While possible, specifying the password on xntpdc's command line like xntpdc -c "keyid 1" -c "passwd pw" -c "other_command" is not recommended.

6.1.3.5. What are all the different Keys used for?

In addition to the example given in Q: 6.1.3.3., Professor David L. Mills states:

Control keys are for the ntpq program and request keys are for the ntpdc program. The key file(s) define the cryptographic keys, but these must be activated individually using the trustedkey command. That last is so a single key file can be shared among a bunch of servers, but only certain ones used between pairwise symmetric mode servers. You are invited to cut this paragraph and paste it on the refrigerator door if it eases confusion.

6.1.3.6. How do I use the new autokey feature?

NTP version 4 has a new way of managing authentication keys, commonly referred to as autokey mechanism. The following procedure had been given by Professor David L. Mills:

  1. A broadcast server needs to have a line like broadcast 128.4.2.255 autokey

  2. The clients simply have broadcastclient.

Replace broadcast with multicast and follow autokey with ttl 5 or something like that. As for the crypto questions, http://www.eecis.udel.edu/~mills/autokey.htm and briefings from there.[1]

For more details see also Q: 6.2.2.6. in section Section 6.2.2.

6.1.4. Miscellaneous Hints

6.1.4.1. What is the preferred etiquette when synchronizing to a public server?
6.1.4.2. How and where can I find public Time Servers?

6.1.4.1. What is the preferred etiquette when synchronizing to a public server?

If the listing at http://www.eecis.udel.edu/~ntp says to notify before before using a server, then you should send email and wait until you get an affirmative reply before using that server.

Some public timeservers are listed as "open access" with no notice required (especially the secondaries). Very public-spirited. I have one of these (stratum-2 right now) at ntp-cup.external.hp.com.

You should probably have no more than three of your timeservers using any individual public timeserver. Let all of your internal clients be served by those three (or three-groups-of-three).

The most popular time servers are highly overloaded, recommending that you should avoid them if possible.
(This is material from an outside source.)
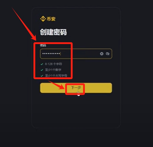 接下来他会让你创建一个密码,这里要求8-128个字符、至少需要一个数字、至少需要一个大写字母。你就按照这个要求输入8个以上就可以了。你的密码如果完成了这三个要求,前面都会打勾,如果你缺少一个大写字母,这里就会显示没有完成。然后点击【下一步】。
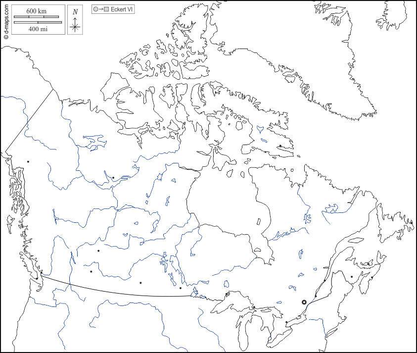 d-maps > महाअमेरिका > कनाडा > कनाडा > सीमाओं, जल-सर्वेक्षण, मुख्य शहरों, सफेद

The official etiquette is described in http://www.eecis.udel.edu/~mills/ntp/servers.htm, section Rules of Engagement.[1]

6.1.4.2. How and where can I find public Time Servers?

Additionally, NIST (the United States National Instute of Standards and Technology) has a list of public time servers at http://www.boulder.nist.gov/timefreq/service/time-servers.html. Their policy statement implies that their Internet time servers are open access to everyone.

Notes

[1]

This is true for IP version 4. NTP for IP version 6 has not yet been defined.

[2]

Mark Martinec contributed:

On a Cisco router running IOS one can save the current frequency offset estimate to a nonvolatile memory with a command write memory (or a newer copy running-config startup-config), to make sure router starts up with a good frequency estimate after a reset. Do that manually after a day or two of a stable router operation with its NTP synchronized, and perhaps a few more times per year during seasons changes if router is operating in non-air-conditioned environment. This operation saves the current frequency estimate as a configuration line ntp clock-period xxxx.

[3]

In NTP Security Model key IDs are described as 32-bit values.